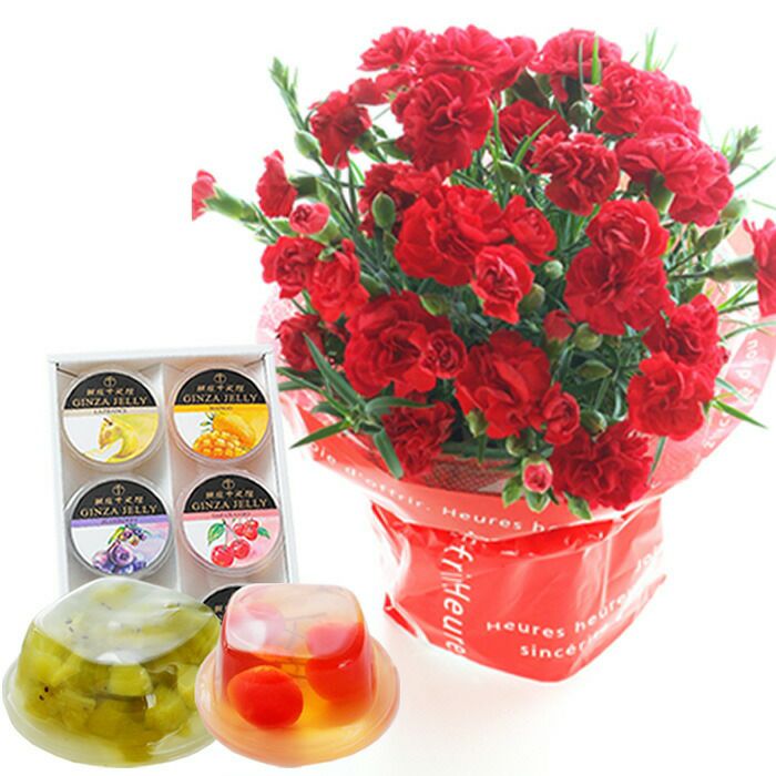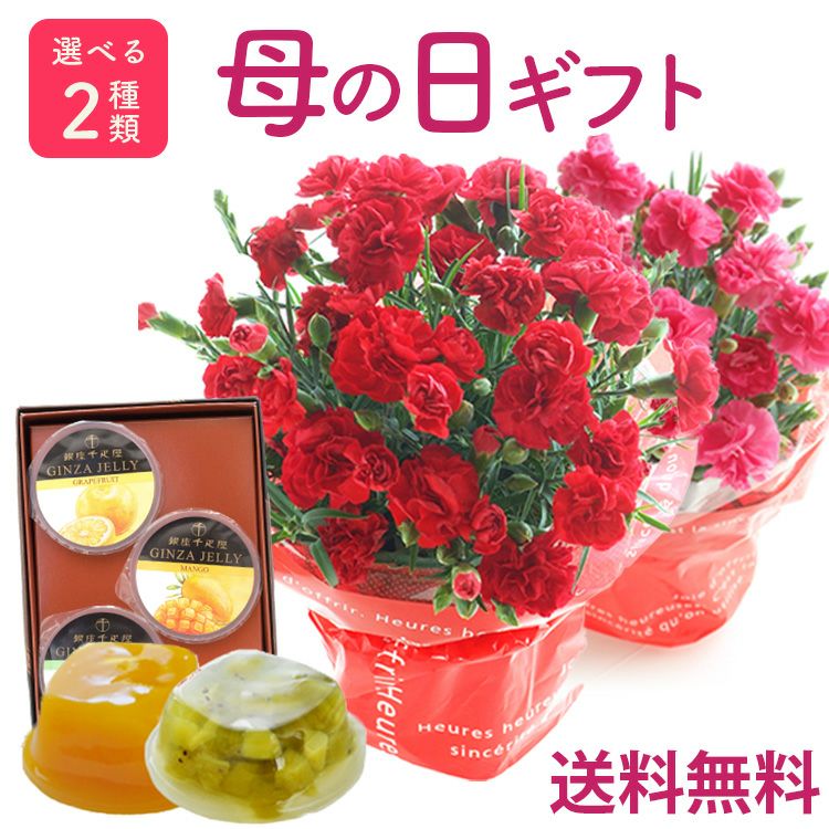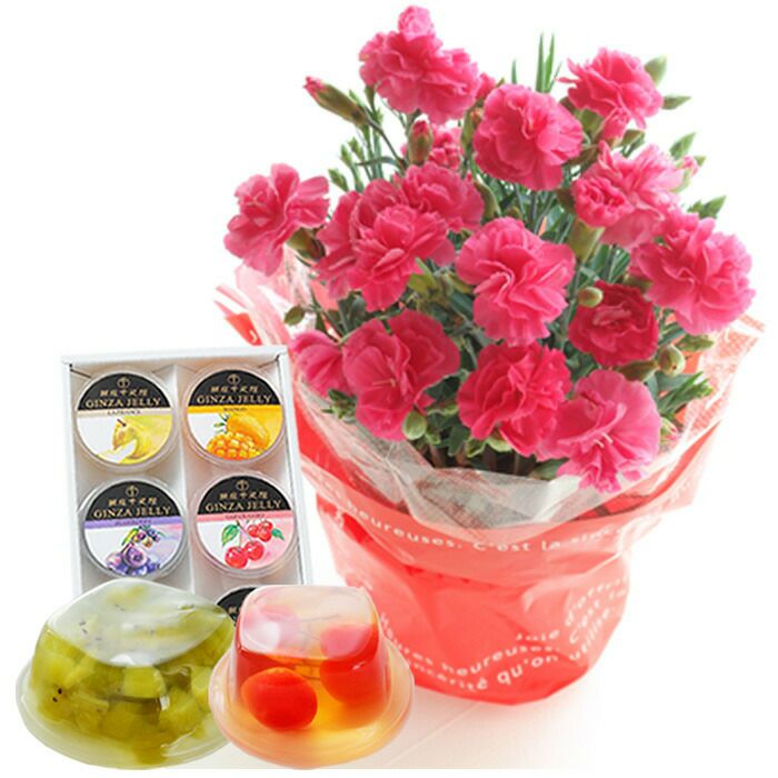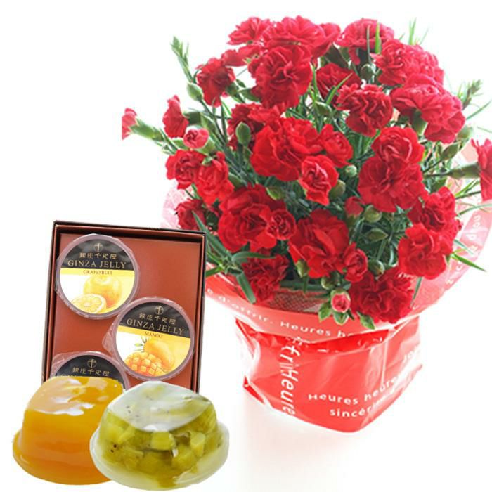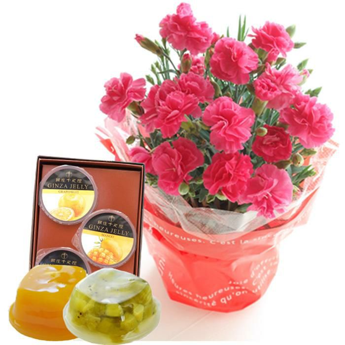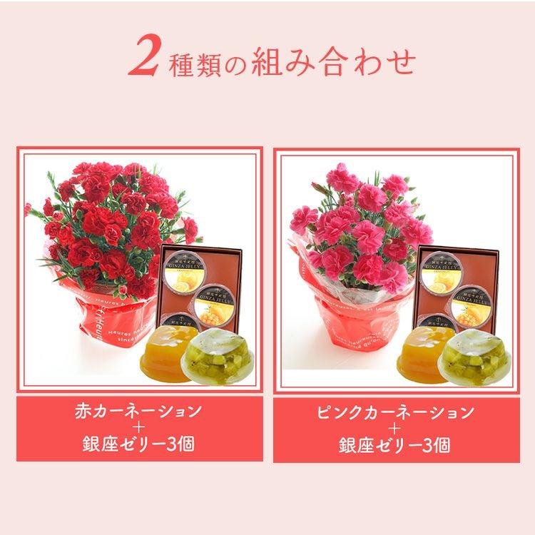 \完売御礼/ 母の日 プレゼント 【花とスイーツ】色で選べるカーネーション花鉢と銀座千疋屋 銀座ゼリー3個 スイーツセット 2025 FKHH
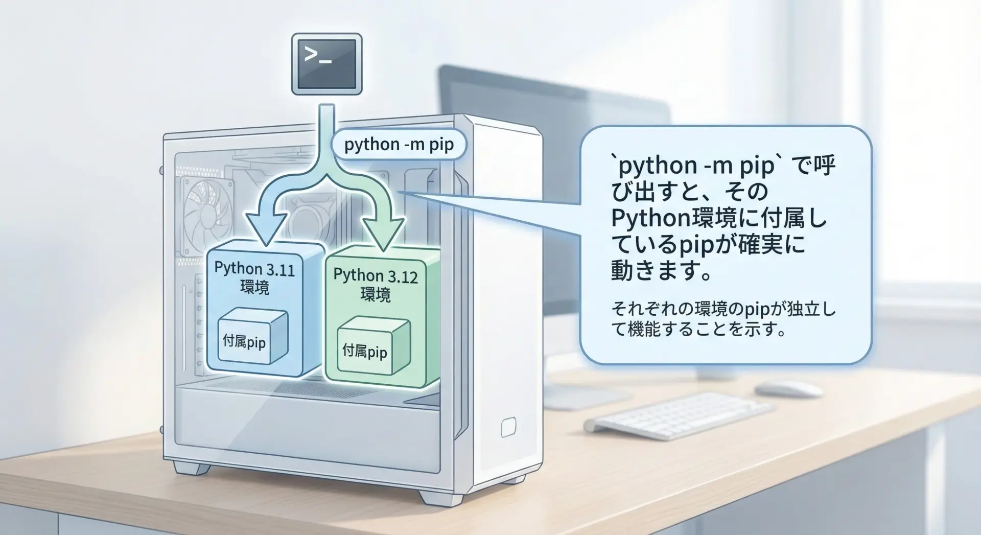 例えば、Python 3.10とPython 3.12を両方インストールしている環境では、それぞれに対応するpipがあり、インストールされるパッケージの場所も異なります。
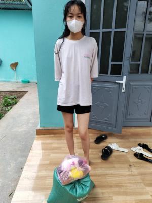 Hôm nay em đã đi trao phần quà CMTX tháng 7/2021 đến hộ bé Kiều Oanh rồi ạ.
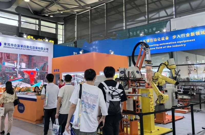 ![]() 合富萊參展團(tuán)隊(duì),左5為公司技術(shù)總監(jiān)楊炳榮先生 2025年7月16日,全球壓鑄行業(yè)年度盛會(huì)“第十九屆上海國(guó)際壓鑄暨有色鑄造展”在上海新國(guó)際博覽中心盛大啟幕。作為壓鑄行業(yè)最具影響力的展會(huì),本屆展會(huì)匯聚了來(lái)自世界各地的580余家參展企業(yè),展出面積達(dá)49,200平方米,覆蓋四大展館,全方位、多層次地呈現(xiàn)了壓鑄產(chǎn)業(yè)鏈的最新技術(shù)與創(chuàng)新成果。 合富萊 作為壓鑄自動(dòng)化領(lǐng)域的標(biāo)桿企業(yè),東莞市合富萊自動(dòng)化設(shè)備有限公司(簡(jiǎn)稱“東莞合富萊”)以強(qiáng)大陣容參展,全面展示其在鋅、鋁、鎂合金壓鑄自動(dòng)化領(lǐng)域的深耕成果與前沿技術(shù),充分彰顯了企業(yè)對(duì)行業(yè)發(fā)展趨勢(shì)的深刻洞察及對(duì)本次展會(huì)的高度重視。 東莞合富萊憑借十余年的行業(yè)積淀,已發(fā)展成為壓鑄自動(dòng)化設(shè)備及整體解決方案的核心供應(yīng)商。此次展會(huì),公司攜多款高性能壓鑄機(jī)械手及機(jī)器人自動(dòng)化壓鑄島解決方案亮相,包括五連桿式高速給湯機(jī)、連桿式單伺服噴霧機(jī)、伺服取出機(jī)、熱室伺服噴取一體機(jī)、壓鑄島等核心產(chǎn)品,全方位滿足客戶對(duì)效率、精度與穩(wěn)定性的嚴(yán)苛需求。
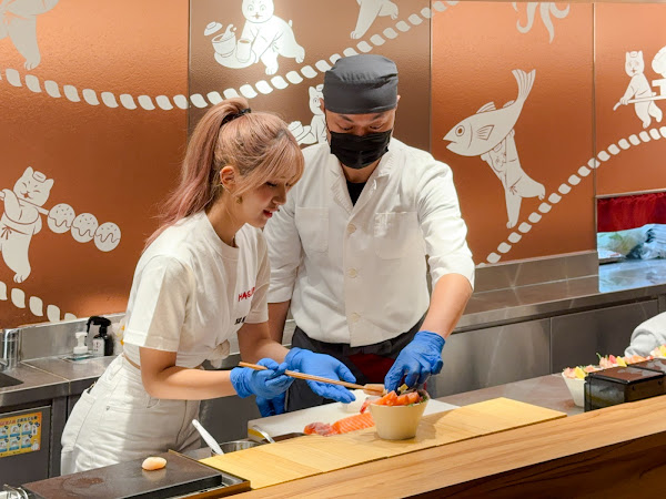 活動過程更是驚喜連連,河智媛化身壽司師傅,即興模仿「握壽司」手勢,逗趣又專業的表演讓粉絲笑到停不下來;廉世彬則現場秀中文介紹菜色,笑稱:「想讓粉絲吃到最美味的海鮮!」禹洙漢則一絲不苟地盯著擺盤,被師傅們盛讚為「壽司界完美主義者」。三人魅力全開、創意滿分,現場粉絲尖叫連連,氣氛熱到像小型演唱會!
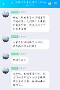 正式网课如约而至,我们精神饱满的开始了学习。当然,小插曲也时有发生,比如由于网络的原因,画面出现延迟甚至消失。此时,我们会通过弹幕向老师反馈直播问题,老师也会第一时间进行调试。在不断的磨合中,网课学习已变得愈发得心应手。
◇ ◇ ◇ ◇ ◇
■ **REQUIRED ACTION**
Lines from the one containing "Hôm nay em đã" through the final line of the entries above are to be retyped exactly, with every picture left out.

■ **SOLVED PROBLEM**
 Hôm nay em đã đi trao phần quà CMTX tháng 7/2021 đến hộ bé Kiều Oanh rồi ạ.
 ![]() 合富萊參展團(tuán)隊(duì),左5為公司技術(shù)總監(jiān)楊炳榮先生 2025年7月16日,全球壓鑄行業(yè)年度盛會(huì)“第十九屆上海國(guó)際壓鑄暨有色鑄造展”在上海新國(guó)際博覽中心盛大啟幕。作為壓鑄行業(yè)最具影響力的展會(huì),本屆展會(huì)匯聚了來(lái)自世界各地的580余家參展企業(yè),展出面積達(dá)49,200平方米,覆蓋四大展館,全方位、多層次地呈現(xiàn)了壓鑄產(chǎn)業(yè)鏈的最新技術(shù)與創(chuàng)新成果。 合富萊 作為壓鑄自動(dòng)化領(lǐng)域的標(biāo)桿企業(yè),東莞市合富萊自動(dòng)化設(shè)備有限公司(簡(jiǎn)稱“東莞合富萊”)以強(qiáng)大陣容參展,全面展示其在鋅、鋁、鎂合金壓鑄自動(dòng)化領(lǐng)域的深耕成果與前沿技術(shù),充分彰顯了企業(yè)對(duì)行業(yè)發(fā)展趨勢(shì)的深刻洞察及對(duì)本次展會(huì)的高度重視。 東莞合富萊憑借十余年的行業(yè)積淀,已發(fā)展成為壓鑄自動(dòng)化設(shè)備及整體解決方案的核心供應(yīng)商。此次展會(huì),公司攜多款高性能壓鑄機(jī)械手及機(jī)器人自動(dòng)化壓鑄島解決方案亮相,包括五連桿式高速給湯機(jī)、連桿式單伺服噴霧機(jī)、伺服取出機(jī)、熱室伺服噴取一體機(jī)、壓鑄島等核心產(chǎn)品,全方位滿足客戶對(duì)效率、精度與穩(wěn)定性的嚴(yán)苛需求。
 活動過程更是驚喜連連,河智媛化身壽司師傅,即興模仿「握壽司」手勢,逗趣又專業的表演讓粉絲笑到停不下來;廉世彬則現場秀中文介紹菜色,笑稱:「想讓粉絲吃到最美味的海鮮!」禹洙漢則一絲不苟地盯著擺盤,被師傅們盛讚為「壽司界完美主義者」。三人魅力全開、創意滿分,現場粉絲尖叫連連,氣氛熱到像小型演唱會!
 正式网课如约而至,我们精神饱满的开始了学习。当然,小插曲也时有发生,比如由于网络的原因,画面出现延迟甚至消失。此时,我们会通过弹幕向老师反馈直播问题,老师也会第一时间进行调试。在不断的磨合中,网课学习已变得愈发得心应手。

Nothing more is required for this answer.